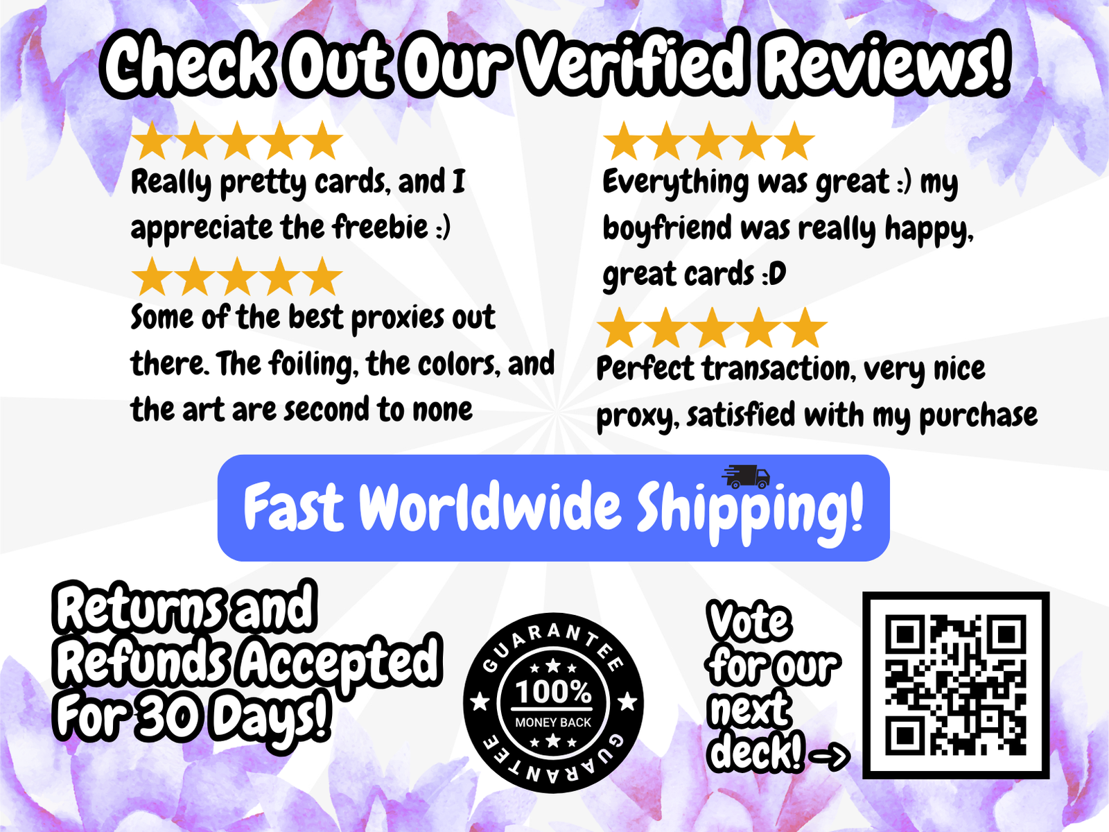 As always, the cards are of phenomenal quality, with stunning artwork and exceptional clarity. The attention to detail is top-tier, making these proxies an absolute joy to play with. Every card feels premium, with crisp, vibrant designs that stand out beautifully. I couldn’t be happier with my purchase and will definitely be returning for more. Highly recommend to any MTG fan!
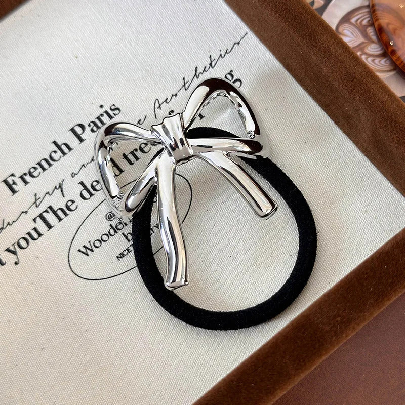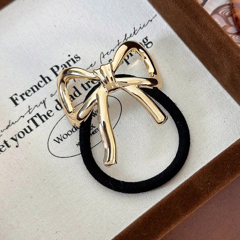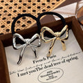 发饰Retro Golden Silver Bow Hair Rope Headband for Woman Girl Temperament Hair Tie Black Rubber band Female Fashion Hair Accessories
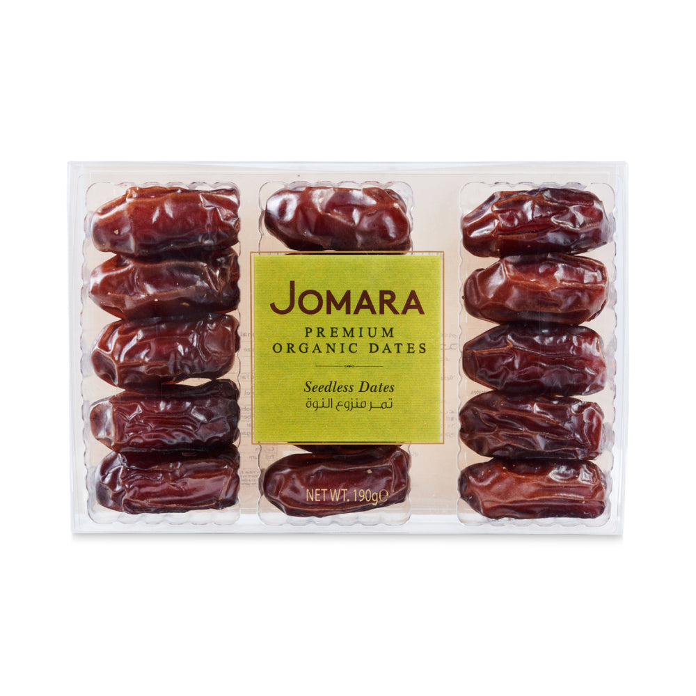 Jomara Seedless Dates – Saudi Arabia – 190g. Enjoy the pure, unadulterated sweetness of organic Seedless Dates from Saudi Arabia. These naturally soft and chewy dates offer ultimate convenience, making them an ideal, fuss-free snack, baking ingredient, or healthy natural sweetener for any time of day. Key Features: -Certified organic quality: Savor organic Saudi dates, grown without harmful chemicals for pure, wholesome taste. -Ultimate snacking convenience: Offers effortless enjoyment, perfect for quick grab-and-go healthy snacks and cooking. -Natural sweetness & energy: A naturally sweet energy-boosting snack, providing sustained vitality from natural sugars and fiber. -Rich in dietary fiber: Supports healthy digestion and gut health, contributing to overall well-being. -Versatile & easy to use: Ideal for organic baking, smoothies, energy balls, or as a natural alternative to refined sugar without the fuss of pits.
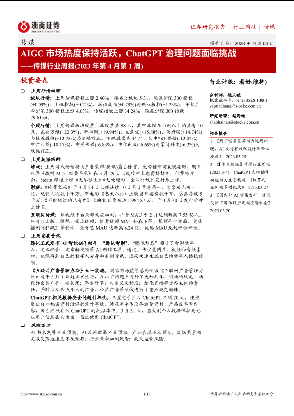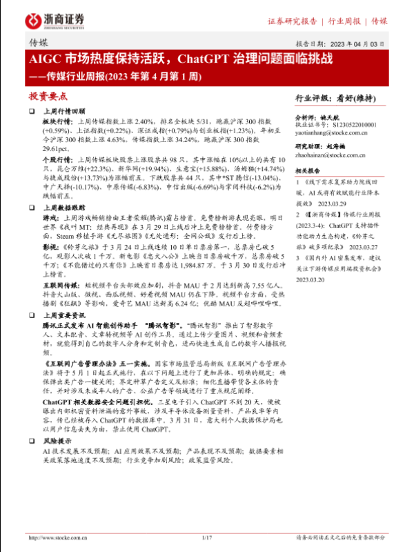 【浙商证券】【20230403】传媒行业周报:AIGC市场热度保持活跃,ChatGPT治理问题面临挑战-17页
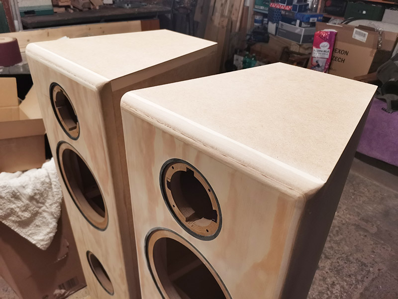 Dále jsem provedl 20mm zaoblení na přední straně pro snížení difrakce vysokých kmitočtů. Zadní stěna je nahusto přišroubovaná a utěsněná těsněním. Toto řešení jsem zvolil kvůli údržbě a i následným úpravám, které možná nikdy nepřijdou, ale co kdyby. Je to moje první stavba, a tak jsem si nechal prostor pro experimentování. Vše je k sobě slepeno a vyztuženo vnitřním „rámem“ a příčnými výztuhami, které jsou navíc zakolíkované.
══════
■ **TASK DETAILS**:
Starting at the first line of the entries, restate word for word everything through the line that holds "发饰Retro Golden Silver", both ends included, but omit any pictures.

■ **RESULT OF THIS TASK**:
 As always, the cards are of phenomenal quality, with stunning artwork and exceptional clarity. The attention to detail is top-tier, making these proxies an absolute joy to play with. Every card feels premium, with crisp, vibrant designs that stand out beautifully. I couldn’t be happier with my purchase and will definitely be returning for more. Highly recommend to any MTG fan!
 发饰Retro Golden Silver Bow Hair Rope Headband for Woman Girl Temperament Hair Tie Black Rubber band Female Fashion Hair Accessories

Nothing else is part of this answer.